▶ **EXERCISE DESCRIPTION**
Repeat all of the data word for word so that only the pictures are missing from the copy.

▶ **DATA BELOW**
=== Section Start ===

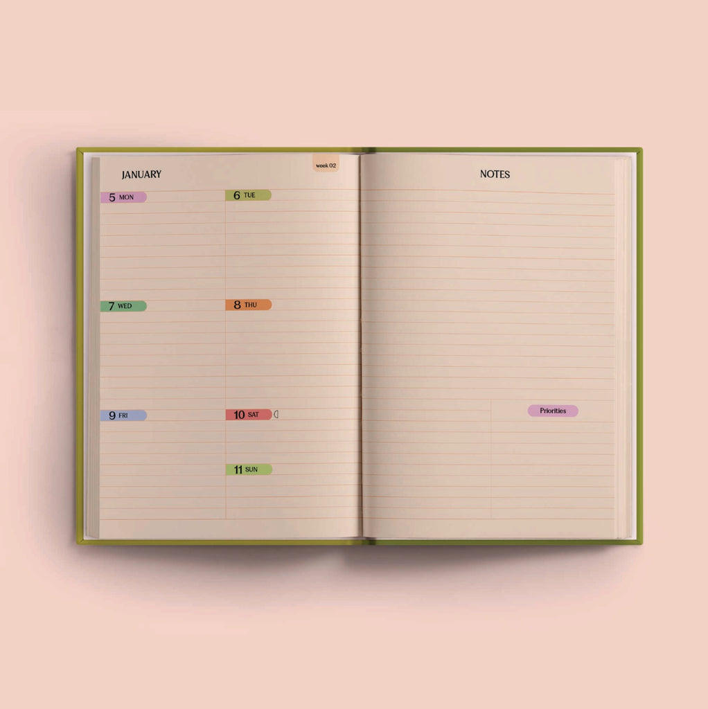 A5 hardback diary for 2026 – week-to-view layout on the left, full lined notes page on the right.
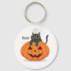 Halloween boo black cat on pumpkin jack o lantern keychain
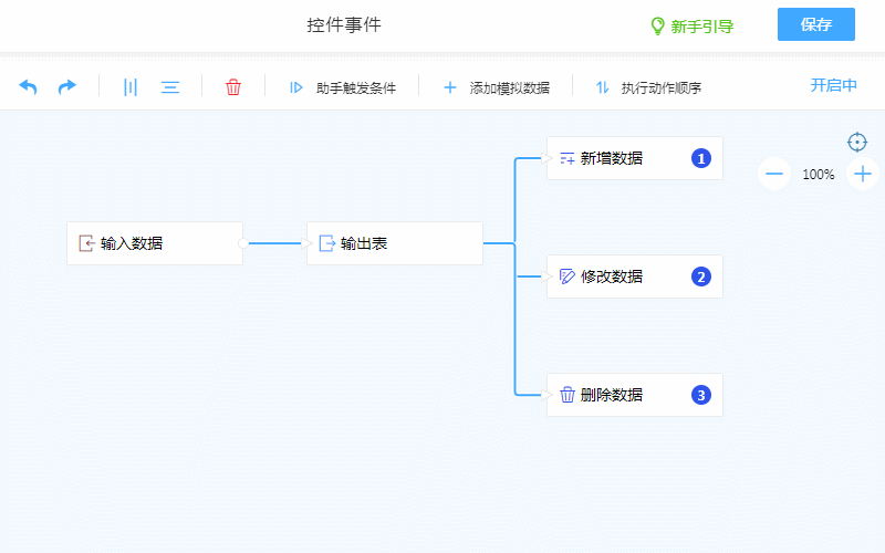 | ④ | 助手触发条件 | 根据“输入数据”与“子表单当前行”节点传入的数据进行条件判断,成立则执行助手功能。 |
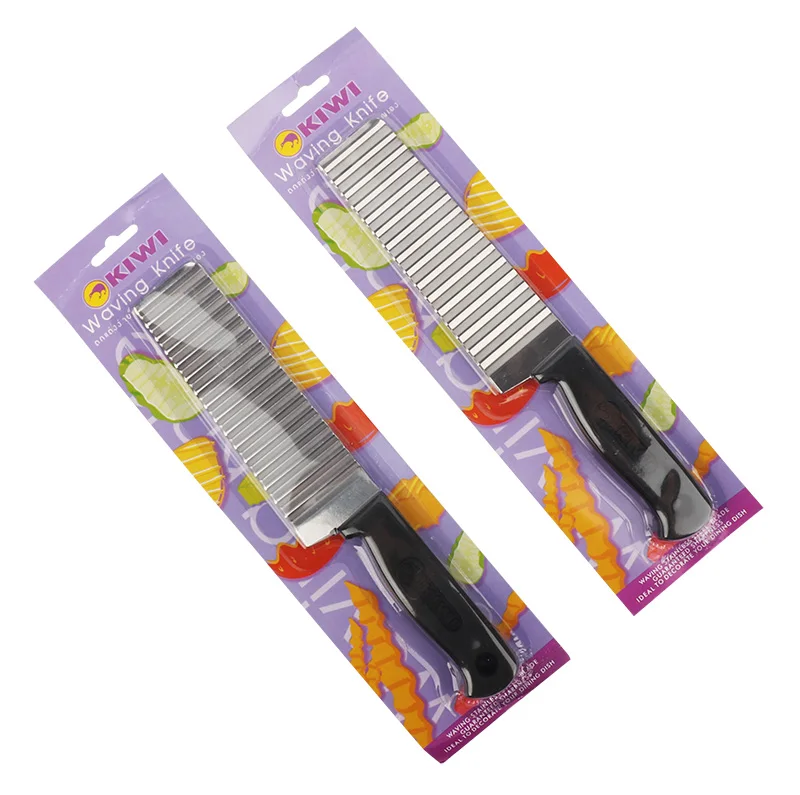 HULIANFU Stainless Steel Potato Chip Slicer Dough Vegetable Fruit Crinkle Wavy Slicer Knife Potato Cutter Chopper French Fry Maker Tools

=== Section End ===

▶ **FINAL ANSWER**
 A5 hardback diary for 2026 – week-to-view layout on the left, full lined notes page on the right.
 Halloween boo black cat on pumpkin jack o lantern keychain
 | ④ | 助手触发条件 | 根据“输入数据”与“子表单当前行”节点传入的数据进行条件判断,成立则执行助手功能。 |
 HULIANFU Stainless Steel Potato Chip Slicer Dough Vegetable Fruit Crinkle Wavy Slicer Knife Potato Cutter Chopper French Fry Maker Tools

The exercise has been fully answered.